Wednesday, March 3, 2010

Women and Honduras

The norm for women in Honduras makes me really sad. The majority of women here seem have a very specific goal in life, and that goal is to be a mother. I am going to include two disclaimers here. The first- I'm not pretending to know how all of the women in Honduras feel. But based on talking to my neighbors (and the strange looks I always accrue when I try to share my liberal, feminist ideas with them), and the high school students at our school, it really does seem that most of the women here just take it for granted that they need find a husband and make babies....and sooner, rather than later. For this reason, there are an incredible amount of teenage mothers here. One of the 22-year-old Honduran teachers at my school has a five-year-old son and another on the way. She’s married to a 35-year-old man.

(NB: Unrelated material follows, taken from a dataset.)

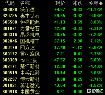 培育钻石板块转跌,沃尔德跌超11%,惠丰钻石跌超9%,恒盛能源跌超8%,力量钻石、晶盛机电跌超7%。

My second disclaimer is that, of course, there is nothing wrong with being a mother. Being a mother is a wonderful and important thing. The part that makes me sad is the lack of choice. Women here have to fight so hard if they want to do something different. They are met with huge societal obstacles when they dream about something else. This reality upsets me the most when I think about the girls in my class growing up with that mindset. They will have to fight so much harder to not only fulfill other dreams, but to even have other dreams to fulfill. I want my students, both the girls and the boys, to know that their dreams have no limits! They can do whatever they want to do! Especially the girls. Some of the girls in my class are just such bright children, it breaks my heart to think that they might ever doubt their potential to soar.

I don’t want my students to ever, ever grow up and think they can’t do something. I try to tell them every day how smart they are. I try to tell them every day that they can do anything they want to do when they grow up. It's not much at all, but what else can I do? I have always been someone who strives to effect change. I like to try and change things, even on a very tiny scale. But here I am faced with a situation that I really can't change. For now, all I can do is be a strong role model and show these girls that they don't have to be teenage moms, if they don't want to be. It's hard to not get down on myself for not doing more...but I don't know what else to do.